21:06 Satchelboi_: imirkin_: Very far from the case
21:06 imirkin_: esp since i'm not an expert on H.264 encoding
21:06 imirkin_: and there still remains an H.264 bug
21:06 imirkin_: across all families
21:06 Satchelboi_: I have some experience with skills I can use for RE, but not with RE itself
21:07 imirkin_: feels like some motion vector buffer is undersized or something, but i haven't been able to make a dent in it thus far.
21:08 karolherbst: increase all buffser :p
21:09 imirkin_: if only i'd thought of that...
21:09 karolherbst: you're welcome :D
21:11 Satchelboi_: karolherbst: I have to head out for a while now and won't be back until much later, so i'll check in with you tomorrow for the patch idea
21:12 karolherbst: much later I sleep
21:12 karolherbst: good :)
23:14 skeggsb: RSpliet: i have a fix for your dmi issue, will push it later today
23:17 nyef: skeggsb: Got a minute or two to talk about the stereoscopy patch series?

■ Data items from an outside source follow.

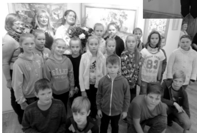
Teksts, foto: Antra Keiša, Baltinavas novada muzeja vadītāja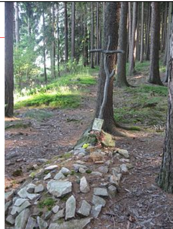
Symbolický hrob Anežky Hřůzové

Zeptejte se Sálusa, jak ji táhli do lesa. Sálus u ní vartu stál, když jí Hilsner podřezal.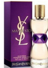
14 MANIFESTO YSL

30ml - 18.00€ 70ml - 35.00€ 24 CHANEL N°5 CHANEL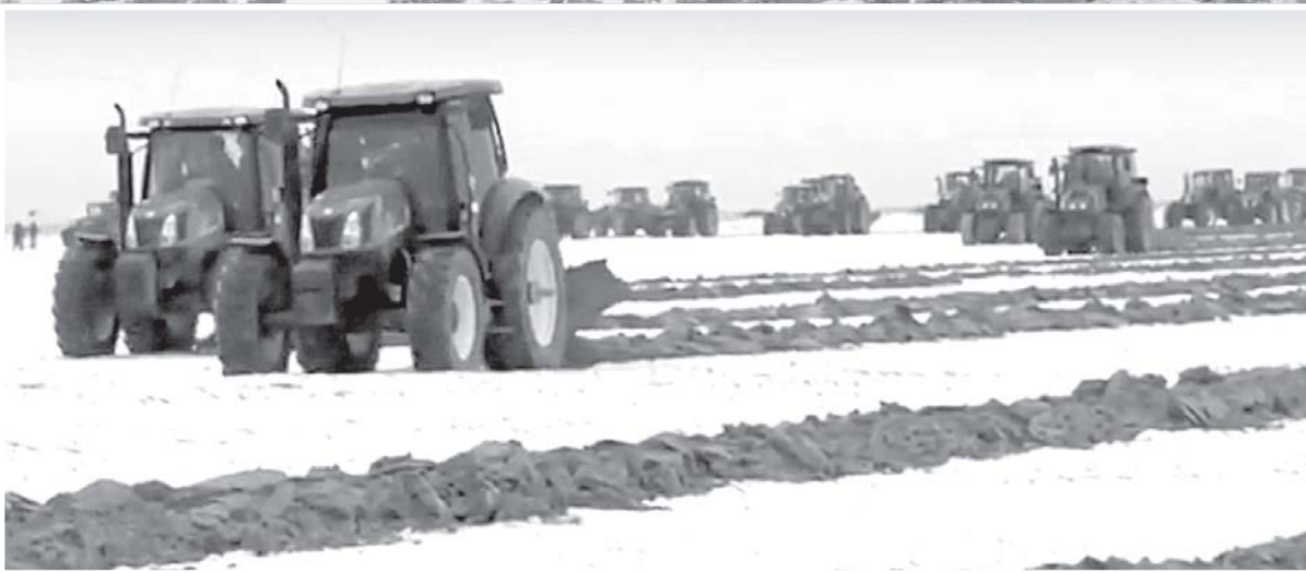
Международное сообщество откликнулось на инициативы лидера Узбекистана. По инициативе нашего Президента при ООН создан многопартнерский Трастовый фонд по человеческой безопасности для региона Приаралья, в который уже поступают средства от доноров из разных стран на реализацию проектов по улучшению условий жизни проживающих там людей.

Вторая причина того, почему, зная о негативных последствиях для Арала, все же шли на масштабное освоение земель и огромные затраты вод-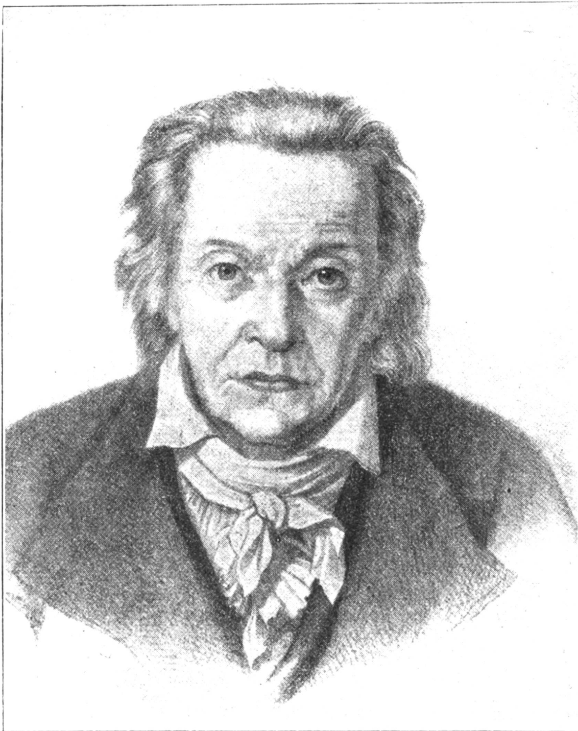
Johann Heinrich Pestalozzi im Alter von 72 Jahren. Nach dem Leben gezeichnet.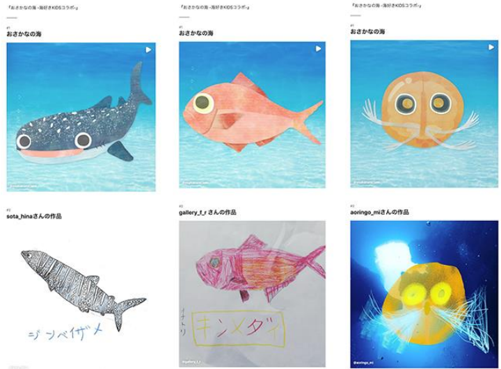
インスタ「海好き Kids コラボ」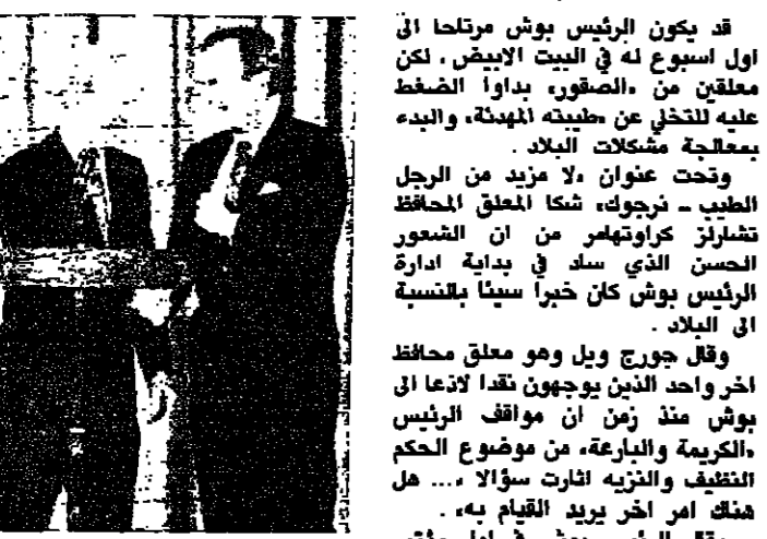
بوش يهني، جيسيس بيكر بعد تايته اليمين الدستورية

قد يكون الرئيس بوش مرتكبا إلى اول اسبوع له في البيت الأبيض، لكن معلقين من الضفوف، بدأوا الضغط عليه للتخلي عن طبيته الهيمنة، والبدء بمعالجة مشكلات البلاد. وتحت عنوان «لا مزيد من الرجل الطيب - نرجوه»، شكك المعلق المحافظ تشارلز كراوتهامر من ان الشعور الحسن الذي سد في بداية ادارة الرئيس بوش كان خيرا سينا فلسفية ان البلاد. وقال جورج ويل وهو معلق محافظ آخر واحد الذين يوجهون نقدا لاذعا إلى بوش منذ زمن ان موضوع الحكم الكريمة والبارعة، من موضوع الحكم التنظيف والتزينة اذرت سؤالاً... هل هناك امر آخر يريد القيام به. وقال الرئيس بوش في اول مؤتمر صحافي له أمس الاول انه على استعداد للتحرك مع القيادة الجديدة، وأنه يدرك تماما للمخاطر التي ستواجهه. ومضى الرئيس بوش يقول ان الشعب الأميركي يدرك أنه من الحكمة، في أمور مثل مسألة السياسة الخارجية أن يعرض - (الأسنان) الامور. إلا ان كراوتهامر قال ان بوش بدأ وقد سيطرت عليه أحيانا القيد المغروضة نتيجة الحاجة إلى تخفيض العجز وكثاه يرسم لنفسه دور القيم والحارس. وقال: وهذا هو النوع من الرؤساء الذي تحتاج اليه عندما تكون الامور سائرة في شكل حسن وعندما يكون كل ما تطالب به البلاد بعض التصديق لسليجتها وفرض الزوايا المتضيق للبريغانتية بعض الرسل، وأضاف كراوتهامر يقول ولكن ذلك لا يكفي عندما

23:18 RSpliet: skeggsb: thanks!!
23:18 skeggsb: nyef: i haven't looked any further since last time, still planning on that after i move (this weekend) when i can test it :P
23:19 RSpliet: skeggsb: nothing but a little goof-up?

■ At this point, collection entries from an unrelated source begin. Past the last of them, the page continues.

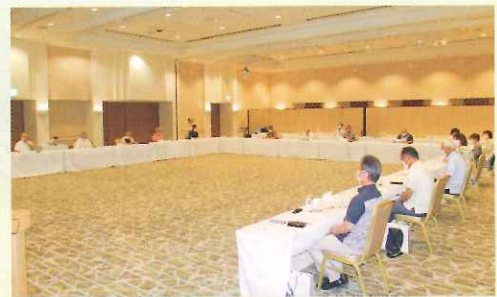
有功会役員会 会場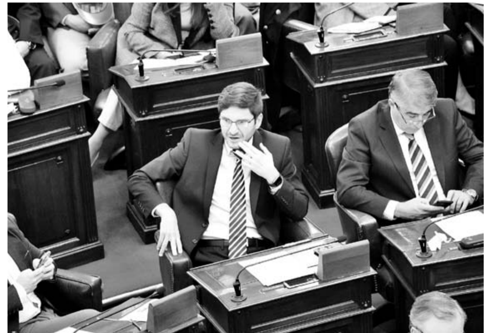
Legisladores de la oposición mostraron su descontento con el discurso de Perotti.

“Es un gobernador que se tomó tres años para pelear con la oposición y hoy nos viene a relatar las obras que había iniciado el Frente Progresista. Vamos a mirar con detalle los números que citó en el discurso porque las cifras oficiales publicadas muestran que en lo que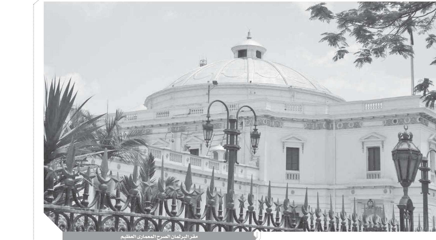
مقر البرلمان الصرح المعماري العظيم

شخصية وعلى جانبها يماين خديشان صغيران فوجدت بسقف القاعة زخارف ثنائية وهندسية منبهة وقد تم ترميم هذه القاعة على نفقة وزارة التربية والتعليم وتحت إشراف وزير الأثار بعد أن وتبع مساحه هذه القصور 23 هكتارا، وهي جميعاً تمثل ثروة عقارية وتاريخية مهمة وما زال الخديو يحتفظ بكل عناصره المعمارية والجمالية، إلا أن حديثه للشاسمة ثنائية وهندسية ملونة ويحيط بإبنائه لابنته اللبنانية لزوجته الثالثة للخديو إسماعيل، جشم ملونة ويحيط بالأسقف إزاز يشتمل على زخارف كتابية فخمة بالجهة الشمالية لها ثلاثة أبواب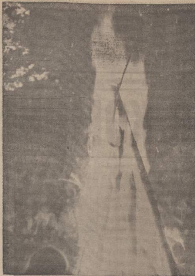
"LAUŽAS DEGA, AIŠKIAI SVIEČIA, KYLA KIBIRKŠTYS AUKŠTAI..."

Tėvams: — būti dideliais idealistais, tikint, kad skautų organizacija vaikus išmokys gerai lietuviškai kalbėti, rašyti ir skaityti... Laužo Liepsnelė

23:19 skeggsb: m->v.blankus is a u16, which is enough for the result, but not enough for the intermediate calculation steps :P
23:20 RSpliet: ... ah!
23:20 nyef: skeggsb: That's fair, I guess. In the meantime, I've done a forward-port to 4.11-rc5 (one function name had been changed) and typofixed one of the patches, and was thinking to send the result out as a v3 series.

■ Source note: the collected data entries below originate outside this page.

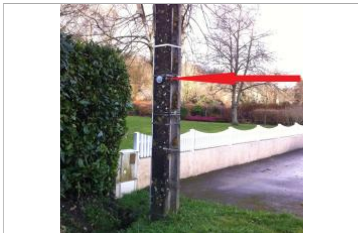
repère normalisé de la crue de décembre 2000

Altitude calculée de l'eau (en m) : 6.63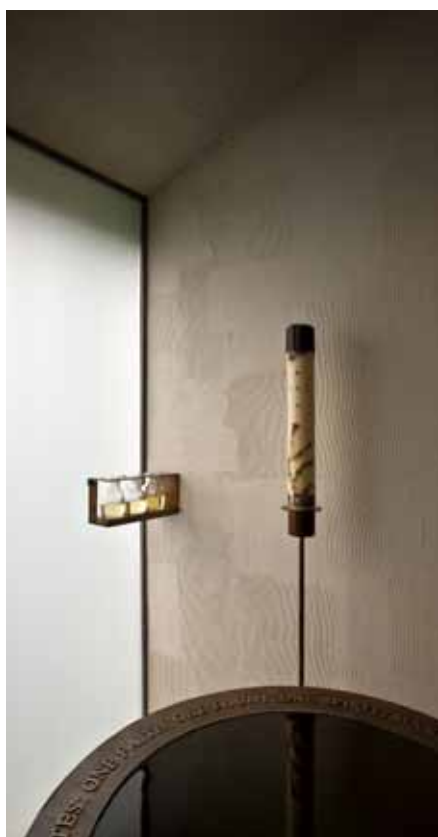
Křestní kaple s křtitelnicí, paškálem a oleji.

Ve křtu jsme byli ponořeni do Kristovy smrti a spolu s ním jsme vstali k novému životu. Zemřeli jsme hříchu a znovu jsme se zrodili k životu milosti. Bůh nás oděl milostí ospravedlnění a Božího dětství, odpustil nám všechny časné i věčné tresty za hříchy a vtiskl do naší duše nezrušitelné svátostné znamení. Tak jsme se stali členy Kristova mystického těla, Církve.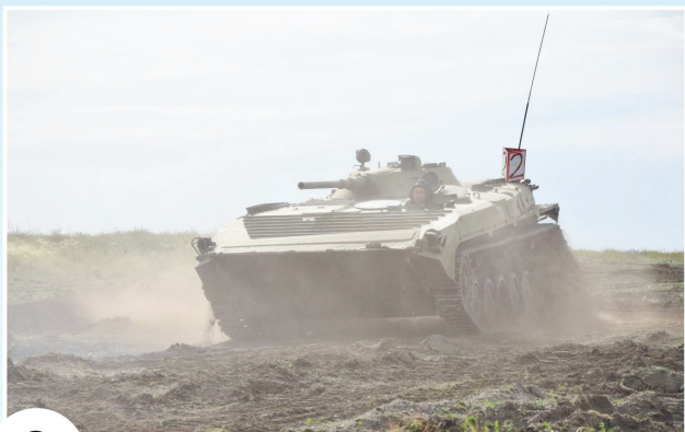
9 СБОРЫ ПРОШЛИ В НОВОМ ФОРМАТЕ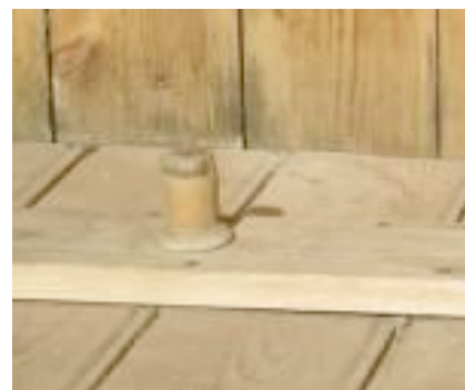
Dasslock med trådrulleknopp

Festligheterna visste ingen gräns och snart kunde alla få tillfälle att provsitta. Med modern solcellsteknik kunde belysning av den ganska smala och ibland vingliga stigen ordnas så att sittningar även efter mörkrets inbrott kunde företas utan risk. På det hela en mycket givande och intressant dag!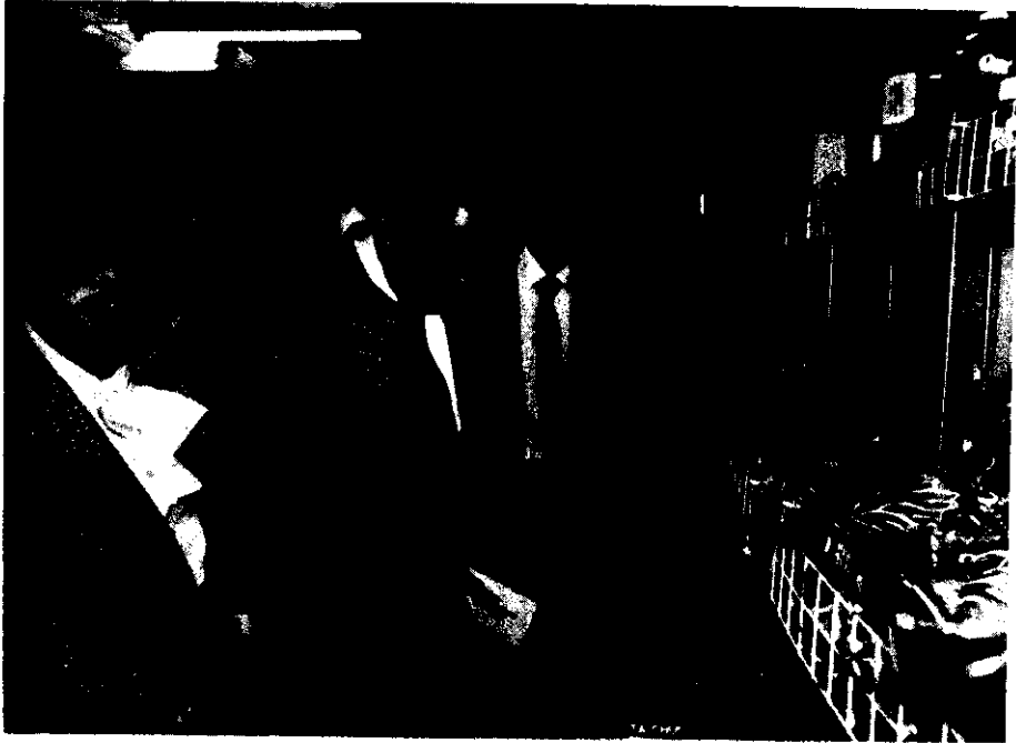
改進農產運銷，要建立商標制度。

(3)加強科技研究：計有「充實儀器設備擴大人才培育及延攬科技研究人才」，「高品質食米、加工用米、加工用甜玉米及外銷園藝新品種之選育」，「主要雜糧、蘆筍、洋蔥優良種子生產技術之研究」，「高品質種乳牛、種豬及家畜之選育與育種技術之研究」，「經濟魚蝦類種苗生產技術之研究」，「主要雜糧及施藥機械之研製」，「玉米螟綜合防治」，「重要家畜疾病疫苗開發及效力改進之研究」，「稻米品質分級及保藏技術之研究」，「主要雜糧產品乾燥及調理技術之研究」，「香菇及竹筍等產品加工之研究」，「高級香料提煉研究」，「製茶技術及其品質評定技術之研究」，「乳化類香腸製品之製造」，「廢棄及排泄物之處理與利用之研究」，「胚移植及疫苗遺傳工程之研究」等計畫16項，經費計1億零4百零1萬元。

23:21 skeggsb: nyef: hmm, if you're going to do that, i'll have another look over today and check for obvious issues - to save you a potential -v4
23:21 nyef: Thank you.
23:22 skeggsb: i didn't notice anything on my first glance through :)
23:22 nyef: Well, that's encouraging. (-:
23:23 nyef: One thing that you might run into is that drm_crtc_get_hv_timing() has been renamed to drm_mode_get_hv_timing() at some point along the way.
23:23 skeggsb: ack
23:23 nyef: (That's the revision for the forward-port.)